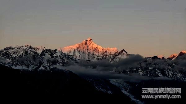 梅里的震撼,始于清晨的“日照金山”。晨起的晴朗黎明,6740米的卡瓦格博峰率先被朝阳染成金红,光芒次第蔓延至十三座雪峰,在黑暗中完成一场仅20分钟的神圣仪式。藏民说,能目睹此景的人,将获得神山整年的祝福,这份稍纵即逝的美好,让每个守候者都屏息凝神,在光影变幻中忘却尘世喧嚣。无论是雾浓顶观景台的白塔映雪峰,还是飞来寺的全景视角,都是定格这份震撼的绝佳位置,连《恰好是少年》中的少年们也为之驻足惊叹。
== == ==
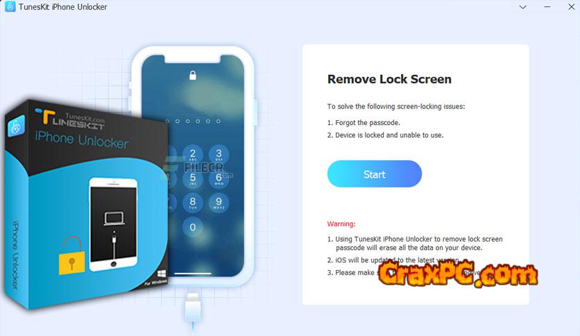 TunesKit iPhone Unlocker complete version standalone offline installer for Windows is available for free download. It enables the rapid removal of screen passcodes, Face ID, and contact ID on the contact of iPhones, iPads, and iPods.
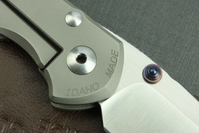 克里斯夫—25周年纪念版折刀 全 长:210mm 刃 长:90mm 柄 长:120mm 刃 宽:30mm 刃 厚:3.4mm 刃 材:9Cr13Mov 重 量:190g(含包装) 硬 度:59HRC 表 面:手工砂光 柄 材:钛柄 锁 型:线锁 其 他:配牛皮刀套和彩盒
== == ==
Task statement:
Output exactly those lines of the data above that run from the line with "TunesKit iPhone Unlocker" up to and including the line with "克里斯夫—25周年纪念版折刀 全 长:210mm". No pictures go in.

Completed exercise:
 TunesKit iPhone Unlocker complete version standalone offline installer for Windows is available for free download. It enables the rapid removal of screen passcodes, Face ID, and contact ID on the contact of iPhones, iPads, and iPods.
 克里斯夫—25周年纪念版折刀 全 长:210mm 刃 长:90mm 柄 长:120mm 刃 宽:30mm 刃 厚:3.4mm 刃 材:9Cr13Mov 重 量:190g(含包装) 硬 度:59HRC 表 面:手工砂光 柄 材:钛柄 锁 型:线锁 其 他:配牛皮刀套和彩盒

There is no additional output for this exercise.